Sunday, September 11, 2022

Vegan Diet: 5 Myths Debunked by a Nutrition Expert

From india.com

Veganism Will Help You Lose Weight & 5 Other Vegan Diet Myths Busted by Nutritionist Sonia Bakshi. Read on!


Vegan consumption is picking up steam and expanding rapidly in India as more people become aware of the benefits of a healthy diet. Being vegan entails abstaining from all animal products or animal by-products. Indians are choosing vegan cuisine to opt for a healthier lifestyle and to avoid non-vegetarian food. Animal-related eating habits are wreaking havoc on our planet, which is yet another reason why people are shifting to plant-based diets. As per studies, animal or dairy products contributes to the cardiovascular diseases, certain cancers, diabetes etc. After increases awareness of this information, many people are moving towards a diet rich in plant-based foods.

However, there are certain myths associated with this term veganism. Well, Nutritionist Sonia Bakshi decoded half of them and presented what are some actual truths. Let’s learn the truth about vegan diets and debunk the myths associated with it.

#MYTH 1: YOU MAY LOSE WEIGHT

Sorry, but veganism is not a sure shot path to weight loss despite your celebs telling you so. Eating more plants and fewer processed foods may lead to weight loss. But even vegans can make wrong choices, which won’t add up to weight loss. If vegans eat loads of vegan junk foods, they too won’t shed weight. So Beware: “Vegan” on the label doesn’t necessarily mean healthy! 

#MYTH 2: YOU WON’T GET ENOUGH PROTEIN

Despite common belief, meat, eggs, and dairy aren’t the only proteins available. There are countless plant foods that are rich sources of protein. Lentils, beans, nuts, seeds, soybean are excellent sources of protein. Besides protein, soy products also offer iron and calcium.

#MYTH 3: YOU MAY FEEL WEAK AND TIRED

There are a couple of reasons that this myth is so prevalent. Meat is packed with iron and vitamin B12, which help with energy, and more. However, skipping animal products doesn’t make you weak and tired necessarily. Fortunately, there are many healthy, nutrient-rich vegan alternatives to sustain your energy levels and prevent anaemia deficiency. Plant-based sources of iron include chickpeas, legumes, pumpkin seeds, and spinach. And here’s an easy tip – if you add a bit of lemon juice to your hummus (or pair with Vitamin-C-rich food) you’ll enhance your body’s ability to absorb iron. When it comes to Vitamin B-12, nutritionists suggest vegans add vitamin supplements, vitamin-enriched cereals, and fortified soy products.

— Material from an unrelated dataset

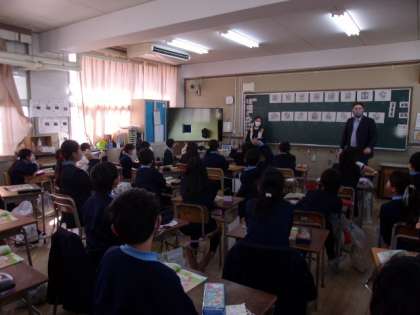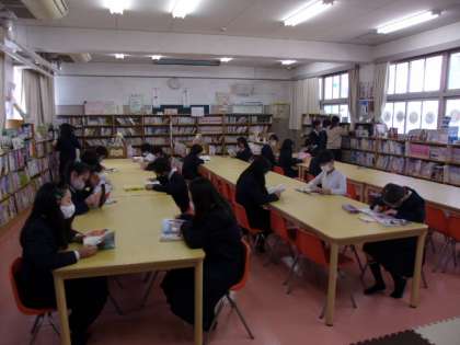 写真上 4年英語:教科書P.30〜「This is my favorite place.」entrance、library、…など。

#MYTH 4: FISH IS THE ONLY SOURCE OF OMEGA-3

If you’ve heard all about the benefits of Omega-3, you know that there’s almost nothing that these fatty acids can’t do. They support your heart and brain, may promote bone and joint health, help with cognition and memory, and the list goes on. But many folks think the only good source is salmon or fish-oil pills. Chia and flax are good dietary additions as they are rich in alpha-linolenic acid (ALA), which helps heart health.

#MYTH 5: VEGANISM IS EXPENSIVE

There are many vegan foods and ingredients that are inexpensive in India, especially if the diet focuses on cheaper foods such as fruits, vegetables, grains, lentils, beans, and other legumes. A vegan diet that is well-planned can be less expensive than one that includes animal products.